An Alabama state representative wants a law capping high school coaching salaries (Featured)

Back in November of 2015, we did a piece that highlighted the 17 high school coaches in the state of Georgia that made $100,000 a year or more and it's one of the most read articles in ever on the site.

A lawmaker in Alabama wants to pass a law to make sure that doesn't happen in his state.

Craig Ford, Democratic state representative from Gadsden wants to enact a law that would put a cap on high school coaching salaries to limit the salary of coaches who don't teach to 75% of the salary of the high school principal at the school, according to AL.com.

“We’re putting the cart before the horse when we pay a coach more than a teacher in the classroom,” Ford suggests, before adding that "it’s getting out of hand."

Most coaches are teachers in one form or another, and the AL.com article goes on to name a number of coaches earning well over six-figures that teach a few classes involving the weight room that this specific law may not end up applying to.

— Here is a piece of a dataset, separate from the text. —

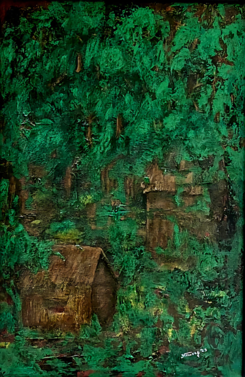 The hut, with its earthen tones and simple structure, rests gently within this vibrant wilderness. It does not dominate the landscape, but rather integrates into it, symbolizing both refuge and humility. Its presence suggests a life lived in balance with nature, rooted in simplicity, resilience, and solitude. The palette used for the hut mirrors the hues of its surroundings, reinforcing the theme of harmony between human life and the natural world. Color and texture serve as the primary language in this work. Verdant greens, deep umbers, and golden highlights intermingle to evoke the play of light filtering through dense leaves. The absence of human figures enhances the meditative quality of the scene, encouraging the viewer to project themselves into this tranquil space, to pause and reflect.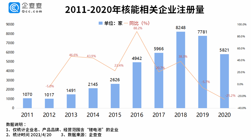 從近十年來鋰電池相關企業年註冊量變化來看,企查查數據顯示,2018年之前均處於逐年上升趨勢,2018年達到最高的8248家,2018-2020年呈逐年下降趨勢,2020年全年新註冊企業5821家,同比下降25.2%。

The highest paid coach in the state, not surprisingly, is Hoover's Josh Niblett, who makes $133,000 per year, and Niblett also teaches three classes a day in the school's weight room. There are a number of other coaches in-state who earn over the $100,000 mark coaching and holding similar teaching duties involving weight training at the school.

If the law ends up specifying certain subjects that constitute "teaching a class", and ends up leaving out weight lifting or similar duties and saying that coaches need to teach a core class, this could have an impact on quite a few coaches in Alabama, but at this point, the details of the proposed law are still being ironed out.